Vadakkumkara is a village in the Mukundapuram taluka of the Thrissur district of India, with an area of 605 hectares and harbouring 1814 households with total population of 7075 as per the 2011 Census. The nearest town Chalakudy is at a distance of 15 km. Male population is 3291 and female population is 3784. Scheduled Caste Population is 1126 and Scheduled Tribes population is 1. Census Location Code of the village is 627911.

Literacy   
 Total literate population: 6244 (88.25%)
 Literate male population: 2941 (89.36%)
 Literate female population: 3303 (87.29%)

Educational Facilities   
There is 1 private Pre-primary School in the village.
There are 2 government Primary Schools in the village. There is 1 private Primary School in the village.
There is 1 government Middle School in the village. There is 1 private Middle School in the village.
There is 1 government Secondary School in the village.
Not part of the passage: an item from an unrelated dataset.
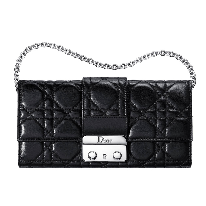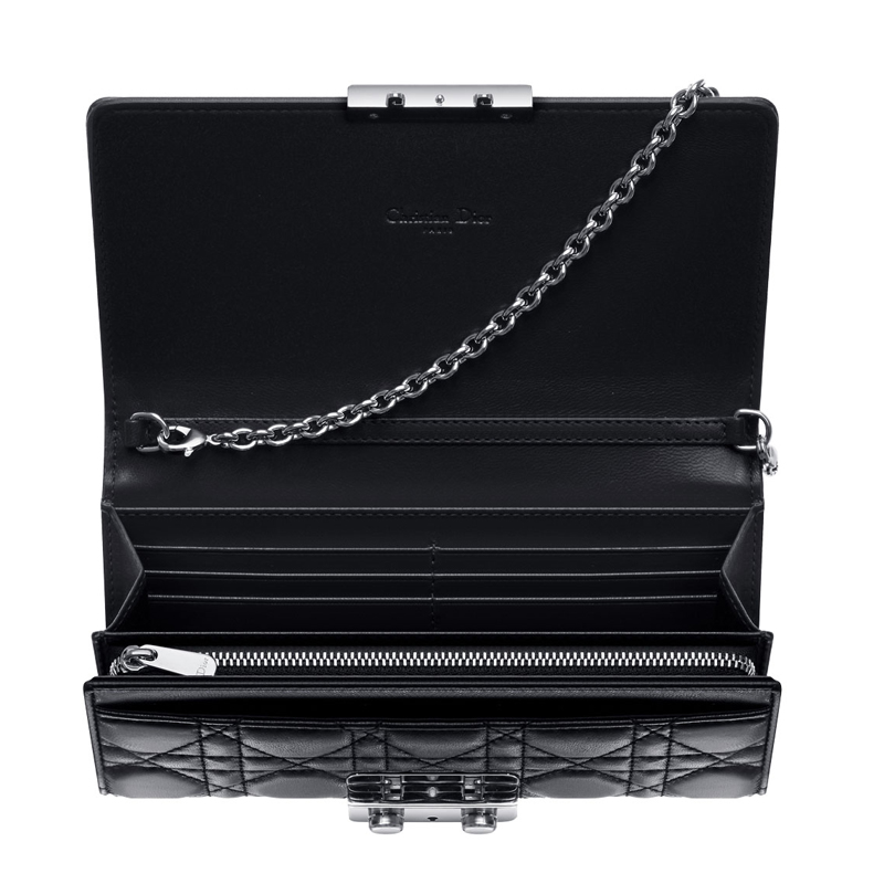 The range owes its name to the "New Look" invented by Christian Dior in 1947 with its sophisticated original clasp. This black leather "Rendez-vous" model wallet with 'Cannage' stitching comes with detachable silver-tone metal strap. Rectangular clasp with double button in silver-tone metal.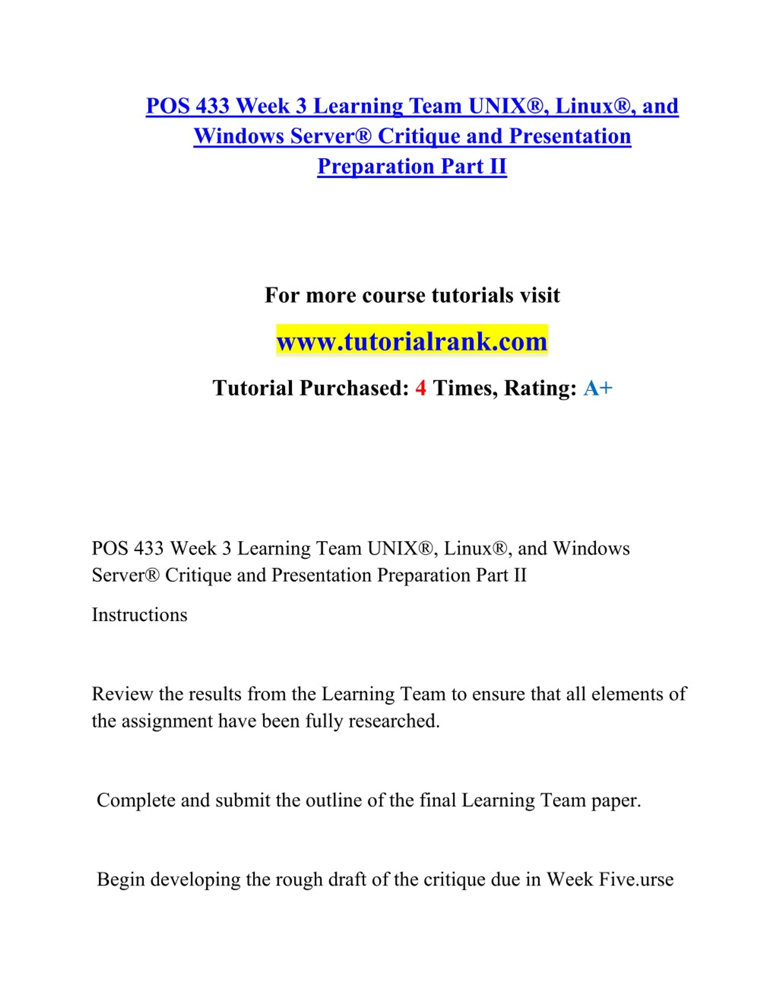 POS 433 Week 3 Learning Team UNIX®, Linux®, and Windows Server® Critique and Presentation Preparation Part II For more course tutorials visit www.tutorialrank.com Tutorial Purchased: 4 Times, Rating: A+ POS 433 Week 3 Learning Team UNIX®, Linux®, and Windows Server® Critique and Presentation Preparation Part II Instructions Review the results from the Learning Team to ensure that all elements of the assignment have been fully researched. Complete and submit the outline of the final Learning Team paper. Begin developing the rough draft of the critique due in Week Five.urse

There is 1 private Secondary School in the village.
There is 1 private Senior Secondary School in the village.
The nearest Degree College of Arts and Science and Commerce Irinjalakuda is at a distance of less than 4 km from the village.
The nearest Engineering College  is at a distance of 5 to  km from the village.
The nearest Medical College (Thrissur) is at a distance of 27 0 km from the village.
The nearest Management Institute (Kuruvilassery) is at a distance of 15 km from the village.
The nearest Polytechnic (Kallettumkara) is at a distance of 10 km from the village.
The nearest Vocational Training School (Kuruvilassery) is at a distance of less than 15 km from the village.
The nearest Non-formal Training Centre (Thrissur) is at a distance of more than 10 km from the village.
The nearest Special School for Disabled is at a distance of 5 to 10 km from the village.

Irrigation facilities 
Sources of irrigation are as follows (area in hectares):
 Canals: 93
 Wells/Tube-wells: 220
 Tanks/Lakes: 0
 Water Falls: 0
 Others: 0

Manufacturing 
Vadakkumkara is engaged in the manufacture of following items (in decreasing order of importance): Paddy, Spices, arecanut.

Sustainable development 
A programme has been going on since August 2014 for the integrated eco-friendly sustainable development of the Vellangallur Panchayat by Salim Ali Foundation and the Vellangallur Panchayat with a partial grant from Manappuram Foundation.